As in previous years, the NHS Staff Survey showed that our staff reported a positive experience of working for the Trust, and the results show there is much to be proud of at Guy's and St Thomas'. 

We achieved some of the best scores nationally and in London for the number of staff who agree that the care of patients is the organisation’s top priority and for staff recommending the Trust to a friend or relative as a place to receive care or treatment or a place to work. 91% of our staff said that they were proud to work at the Trust.

However, we are not complacent and we absolutely know that there are also a number of areas where we must do more and improve. 

We recognise the need to take further action on equality, diversity and inclusion so that all our staff, patients and visitors feel confident that we are a welcoming and supportive organisation and that we treat everyone fairly. We also must drive out bullying and harassment wherever it occurs.

We are proud to serve diverse communities, both locally and further afield. This diversity is reflected in the profile of our patients and workforce, and brings many benefits. 

We recognise we have more to do to address inequalities across the Trust and we have refocused our staff equality, diversity and inclusion strategy into 5 key improvement areas which include:

  •  ending unfair treatment; 
  •  understanding and including each other; 
  •  fair employment processes; 
  •  fair access to learning and development; 
  •  clear governance and accountabilities. 

Our Board have made a clear commitment to focus on anti-racism in 2023 and to renew our equality, diversity and inclusion action plan to eliminate discrimination and create a compassionate and fair organisation that has inclusion and equity at its core

We are committed to supporting staff with long term health conditions, those with a disability or who are neurodivergent, including anyone who acquires a disability during their employment. 

We also offer internships for young autistic people and supports a number of initiatives to ensure equal and inclusive access to learning and employment.
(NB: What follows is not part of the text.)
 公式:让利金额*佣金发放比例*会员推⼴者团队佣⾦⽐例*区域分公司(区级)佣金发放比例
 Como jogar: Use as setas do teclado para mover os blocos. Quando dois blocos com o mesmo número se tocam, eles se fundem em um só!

Our 10 year sustainability strategy, launched in June 2021, recognises the Trust's environmental impact and our responsibility to actively protect our environment by providing sustainable healthcare. 
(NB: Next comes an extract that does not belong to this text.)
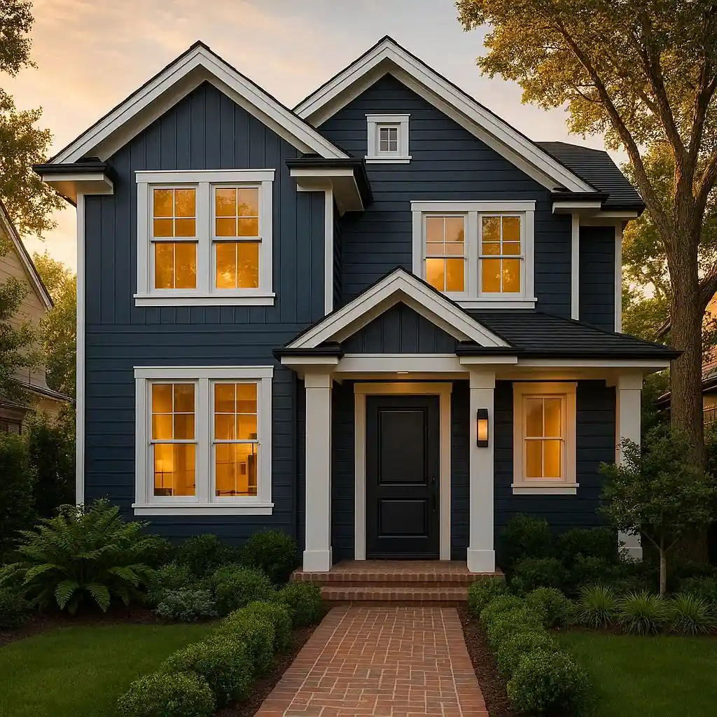Navy Blue: Bold and striking, navy blue creates a strong visual impact and pairs beautifully with white trim.
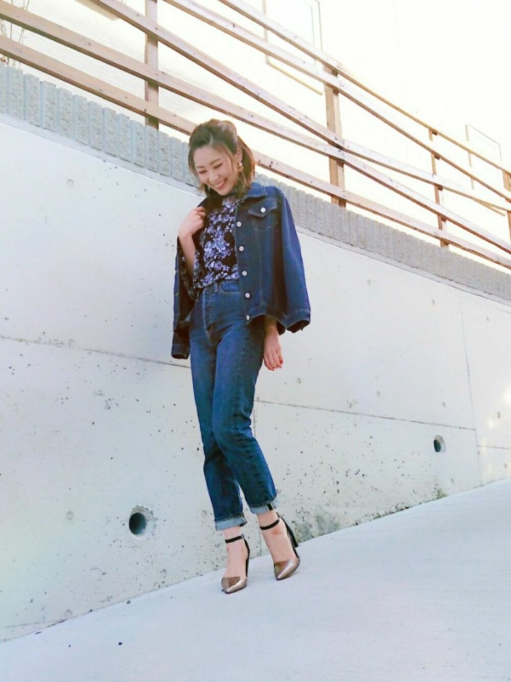 デニデニ👖 デニムオンデニムって個人的に大好き❤️ カジュアルだけど、ポンパドールにゆるウェーブのヘアアレンジで大人っぽく😉➰💕

Our strategy considers both our national and sector obligations, as well as our position as an 'anchor institution'. We continue to work closely with our Integrated Care Systems to deliver a joined-up approach to sustainability initiatives across south east and north west London. 

The Trust is committed to delivering a net zero health service as part of the Greener NHS Programme, and over the past year we have focused on three strategic themes where we can make the biggest difference: carbon zero, connecting with nature, and cycle of resources. This includes:

  • continuing to encourage active and sustainable travel for patients and staff to reduce emissions, working towards operating 'greener fleets', using electric vehicles, and supporting staff to work remotely where appropriate.
  • enhancing our surroundings for patients and staff by increasing access to the naturel environment, encouraging active transport and improving air quality.
  • We are reducing waste through a range of projects which focus on repair, reuse, recycling and innovation.